The Undergoddess for the Niger River is Oya according to Yoruba mythology. She may also be called Yansan, and the full name is Oya Yansan which has the meaning "mother of nine." According to legend, all the cemeteries are hers. Some believe the cemeteries are her home, while others believe that she is the gatekeeper who allows the dead to enter. She is powerful, and is the ruler of the dead. Her elements are whirlwinds and tornadoes, especially those that come with lightning. As a warrior she battles at the side of Shango who is the god of thunder, lightning and fire. Her feast day is on February 2, and her symbols include the horsetail fly-whisk and a number of masks.
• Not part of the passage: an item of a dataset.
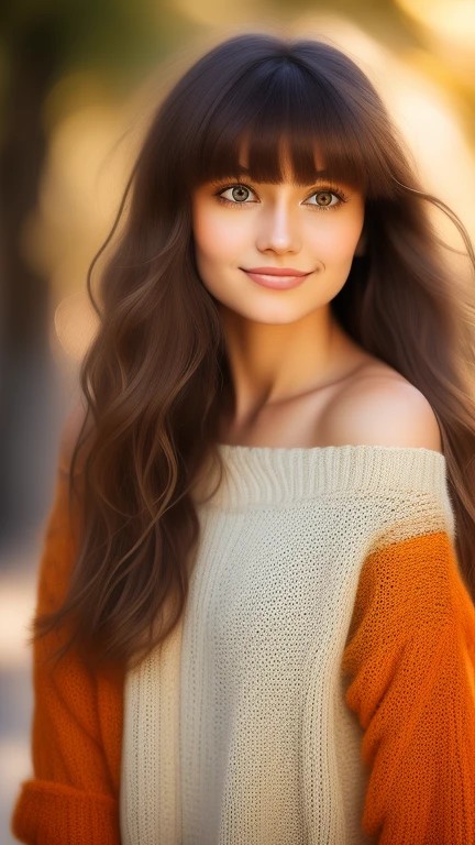 photo art piece featuring a young woman with shiny light brown loose fluffy hair with bangs, slightly smiling. She has green eyes and an orange bird on her shoulder. She wears a soft orange sweater. The background is multicolor vivid blurred with strokes, creating an elegant and fascinating artwork that captures the essence of the young woman with subtlety and charm.
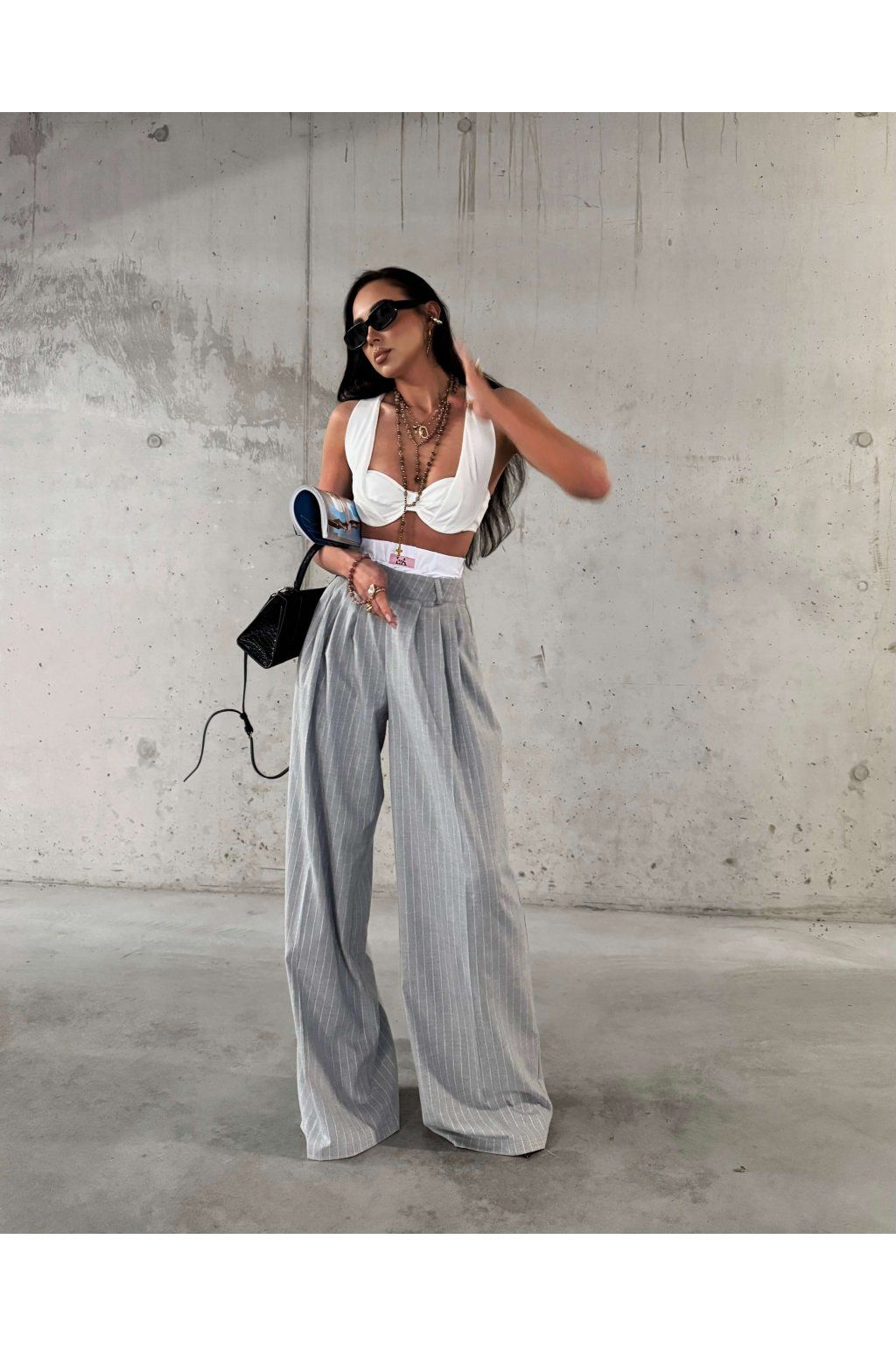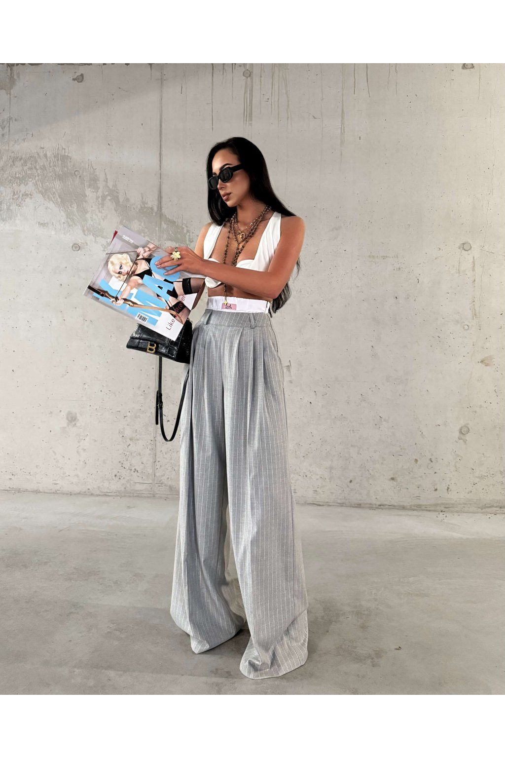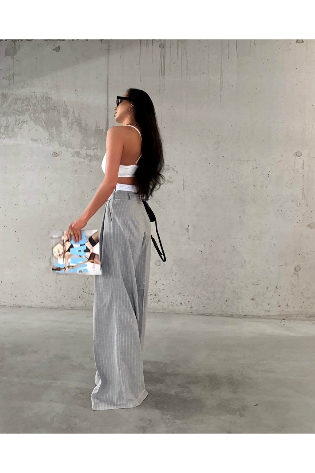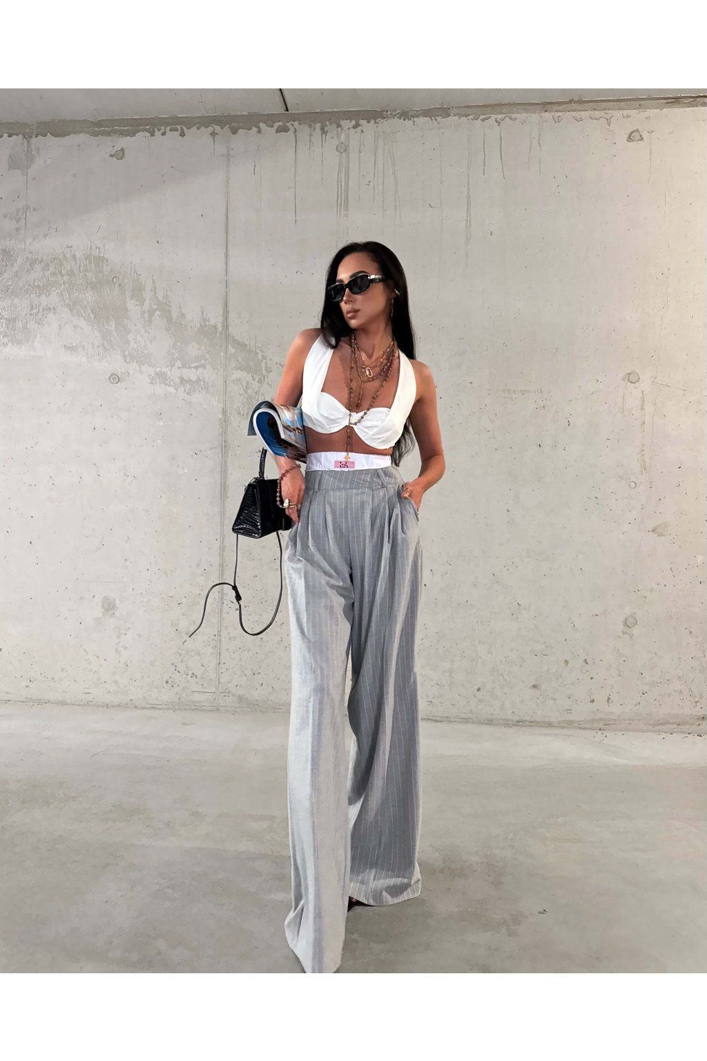 Šedé široké splývajúce nohavice s vysokým vyvýšeným pásom z mäkkej viskózy. Model má náplasť s logom značky, vrecká a zapína sa zboku zipsom vo farbe nohavíc.

Olodumare is God in the Yoruba religious system. Olodumare may also be called Eledumare, Olorun, Olofin-Orun and Eleda. The manifestation that the God assumes is called an Orisha (Orisa or Orixa) which is just a spirit or deity. Historically, African slaves could not freely practice their religion, so they “disguised” their gods with the slave owner gods, mostly the Catholic saints. The West African Yoruba people recognized three spiritual forces: a supreme creator god (Olodumare), messenger spirits similar to angels (the orishas) and the spirits of the dead.

Syncretism means combining different beliefs. Santeria evolved as a syncretic religion with origins in the Caribbean. Slaves were prohibited from practicing their religion, so they synchronized their African gods with the names of the Catholic saints. The one All Mighty God is called Olodumare, and he created the other entities that correspond to the Catholic saints. The religion is a combination of Catholicism and West African Yoruba beliefs, and it may also be called La Regla Lucumi, Regla de Ocha or Lukumi. The belief system does not have a central creed like most religious practices. Instead, the religion is understood in terms of the rituals and ceremonies that are commonplace.

The ruler of the dead in Yoruba mythology was at one time barren or could only bear premature children. She makes a sacrifice from the rainbow colored Sacred Cloth. From that she births nine children, and then she is called Iyansan, the "Mother of Nine." The number nine becomes her sacred number which is related to the creative process. Premature children and barrenness are symbolic of a woman's journey through the creative process. The multicolored cloth represents the variety of aspects a woman must consider before birthing a creative idea. In other words, the "cloth of many colors" represents the gestation process that is needed for ideas to mature.

The Atlantic slave trade transported West African natives into Cuba, Puerto Rico and other Caribbean locations. The slaves brought their religious beliefs which were banned by the slave owners. To keep the true roots of their beliefs hidden, this syncretic religion evolved using ideas from the Roman Catholic religion.